**THE PROBLEM**
Please copy the data exactly as it stands, minus the images.

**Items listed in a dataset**
• • •

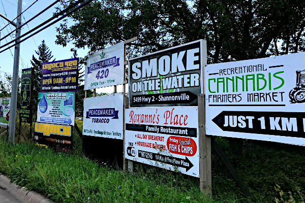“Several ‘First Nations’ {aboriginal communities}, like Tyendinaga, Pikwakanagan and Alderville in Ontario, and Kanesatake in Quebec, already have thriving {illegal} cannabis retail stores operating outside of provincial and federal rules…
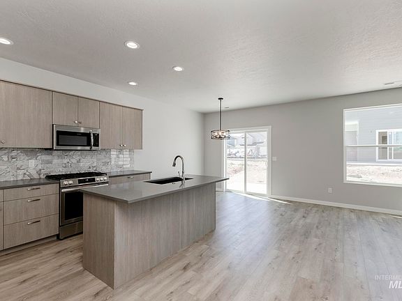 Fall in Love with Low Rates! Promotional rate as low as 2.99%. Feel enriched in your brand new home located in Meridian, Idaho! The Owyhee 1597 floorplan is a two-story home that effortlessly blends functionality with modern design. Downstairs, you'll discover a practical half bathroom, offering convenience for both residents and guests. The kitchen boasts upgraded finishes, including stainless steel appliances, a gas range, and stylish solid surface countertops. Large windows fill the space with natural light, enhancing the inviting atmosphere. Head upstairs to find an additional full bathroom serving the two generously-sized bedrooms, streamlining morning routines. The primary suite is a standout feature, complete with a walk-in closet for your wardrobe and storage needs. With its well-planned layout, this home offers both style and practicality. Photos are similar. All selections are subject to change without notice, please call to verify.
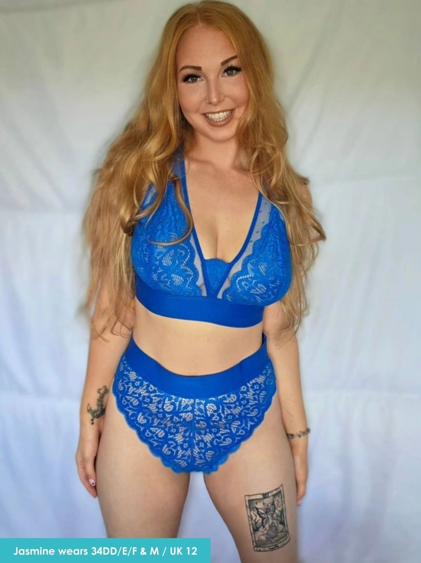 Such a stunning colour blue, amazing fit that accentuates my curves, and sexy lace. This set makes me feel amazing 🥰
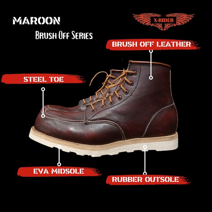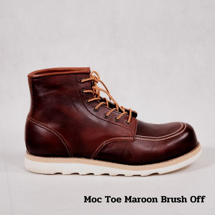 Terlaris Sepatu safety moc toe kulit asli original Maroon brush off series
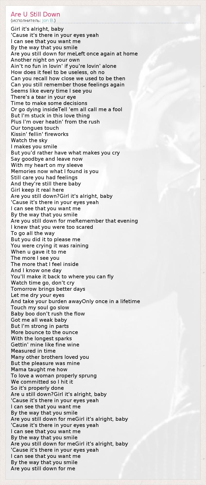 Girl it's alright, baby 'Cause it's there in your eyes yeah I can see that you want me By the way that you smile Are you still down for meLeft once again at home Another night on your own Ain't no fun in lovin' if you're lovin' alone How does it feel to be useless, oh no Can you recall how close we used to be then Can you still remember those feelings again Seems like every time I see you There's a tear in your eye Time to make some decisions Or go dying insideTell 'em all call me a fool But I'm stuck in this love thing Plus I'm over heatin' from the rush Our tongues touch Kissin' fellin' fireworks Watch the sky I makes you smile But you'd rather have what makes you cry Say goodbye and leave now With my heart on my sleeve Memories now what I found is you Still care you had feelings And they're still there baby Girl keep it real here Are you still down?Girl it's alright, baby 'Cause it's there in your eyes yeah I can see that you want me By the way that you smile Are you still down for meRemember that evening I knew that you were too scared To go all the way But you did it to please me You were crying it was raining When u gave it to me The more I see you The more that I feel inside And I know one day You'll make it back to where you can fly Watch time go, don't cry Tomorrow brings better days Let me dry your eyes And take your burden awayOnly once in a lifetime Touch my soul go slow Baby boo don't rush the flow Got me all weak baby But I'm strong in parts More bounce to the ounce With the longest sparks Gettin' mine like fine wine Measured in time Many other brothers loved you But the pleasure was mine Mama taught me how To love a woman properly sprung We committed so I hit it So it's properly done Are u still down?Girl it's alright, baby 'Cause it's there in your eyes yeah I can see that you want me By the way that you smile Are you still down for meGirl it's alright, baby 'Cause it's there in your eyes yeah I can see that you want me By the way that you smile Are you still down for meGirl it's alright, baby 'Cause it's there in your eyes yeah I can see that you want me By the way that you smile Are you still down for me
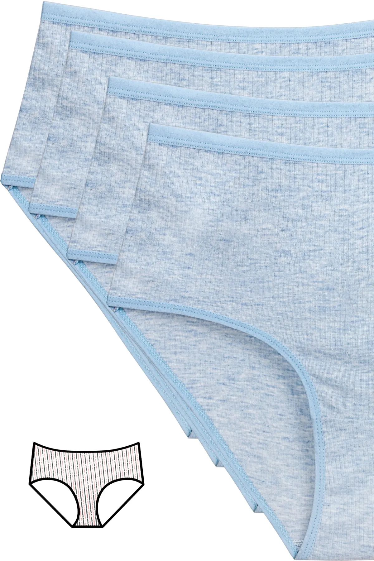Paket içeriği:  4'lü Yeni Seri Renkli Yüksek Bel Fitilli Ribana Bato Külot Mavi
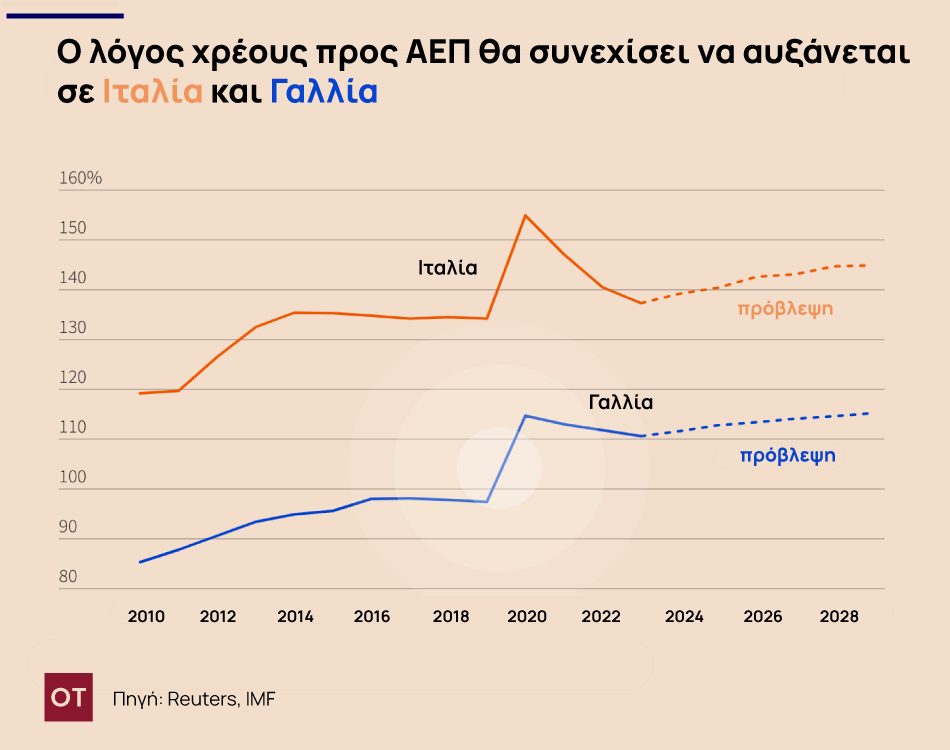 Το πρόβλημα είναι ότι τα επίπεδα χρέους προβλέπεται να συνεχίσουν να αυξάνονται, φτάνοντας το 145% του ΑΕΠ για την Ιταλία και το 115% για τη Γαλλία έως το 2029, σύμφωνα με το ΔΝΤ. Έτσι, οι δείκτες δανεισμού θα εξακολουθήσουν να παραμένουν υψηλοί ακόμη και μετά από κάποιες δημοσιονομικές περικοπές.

• • •

**SOLUTION TO THIS TASK**
“Several ‘First Nations’ {aboriginal communities}, like Tyendinaga, Pikwakanagan and Alderville in Ontario, and Kanesatake in Quebec, already have thriving {illegal} cannabis retail stores operating outside of provincial and federal rules…
 Fall in Love with Low Rates! Promotional rate as low as 2.99%. Feel enriched in your brand new home located in Meridian, Idaho! The Owyhee 1597 floorplan is a two-story home that effortlessly blends functionality with modern design. Downstairs, you'll discover a practical half bathroom, offering convenience for both residents and guests. The kitchen boasts upgraded finishes, including stainless steel appliances, a gas range, and stylish solid surface countertops. Large windows fill the space with natural light, enhancing the inviting atmosphere. Head upstairs to find an additional full bathroom serving the two generously-sized bedrooms, streamlining morning routines. The primary suite is a standout feature, complete with a walk-in closet for your wardrobe and storage needs. With its well-planned layout, this home offers both style and practicality. Photos are similar. All selections are subject to change without notice, please call to verify.
 Such a stunning colour blue, amazing fit that accentuates my curves, and sexy lace. This set makes me feel amazing 🥰
 Terlaris Sepatu safety moc toe kulit asli original Maroon brush off series
 Girl it's alright, baby 'Cause it's there in your eyes yeah I can see that you want me By the way that you smile Are you still down for meLeft once again at home Another night on your own Ain't no fun in lovin' if you're lovin' alone How does it feel to be useless, oh no Can you recall how close we used to be then Can you still remember those feelings again Seems like every time I see you There's a tear in your eye Time to make some decisions Or go dying insideTell 'em all call me a fool But I'm stuck in this love thing Plus I'm over heatin' from the rush Our tongues touch Kissin' fellin' fireworks Watch the sky I makes you smile But you'd rather have what makes you cry Say goodbye and leave now With my heart on my sleeve Memories now what I found is you Still care you had feelings And they're still there baby Girl keep it real here Are you still down?Girl it's alright, baby 'Cause it's there in your eyes yeah I can see that you want me By the way that you smile Are you still down for meRemember that evening I knew that you were too scared To go all the way But you did it to please me You were crying it was raining When u gave it to me The more I see you The more that I feel inside And I know one day You'll make it back to where you can fly Watch time go, don't cry Tomorrow brings better days Let me dry your eyes And take your burden awayOnly once in a lifetime Touch my soul go slow Baby boo don't rush the flow Got me all weak baby But I'm strong in parts More bounce to the ounce With the longest sparks Gettin' mine like fine wine Measured in time Many other brothers loved you But the pleasure was mine Mama taught me how To love a woman properly sprung We committed so I hit it So it's properly done Are u still down?Girl it's alright, baby 'Cause it's there in your eyes yeah I can see that you want me By the way that you smile Are you still down for meGirl it's alright, baby 'Cause it's there in your eyes yeah I can see that you want me By the way that you smile Are you still down for meGirl it's alright, baby 'Cause it's there in your eyes yeah I can see that you want me By the way that you smile Are you still down for me
Paket içeriği:  4'lü Yeni Seri Renkli Yüksek Bel Fitilli Ribana Bato Külot Mavi
 Το πρόβλημα είναι ότι τα επίπεδα χρέους προβλέπεται να συνεχίσουν να αυξάνονται, φτάνοντας το 145% του ΑΕΠ για την Ιταλία και το 115% για τη Γαλλία έως το 2029, σύμφωνα με το ΔΝΤ. Έτσι, οι δείκτες δανεισμού θα εξακολουθήσουν να παραμένουν υψηλοί ακόμη και μετά από κάποιες δημοσιονομικές περικοπές.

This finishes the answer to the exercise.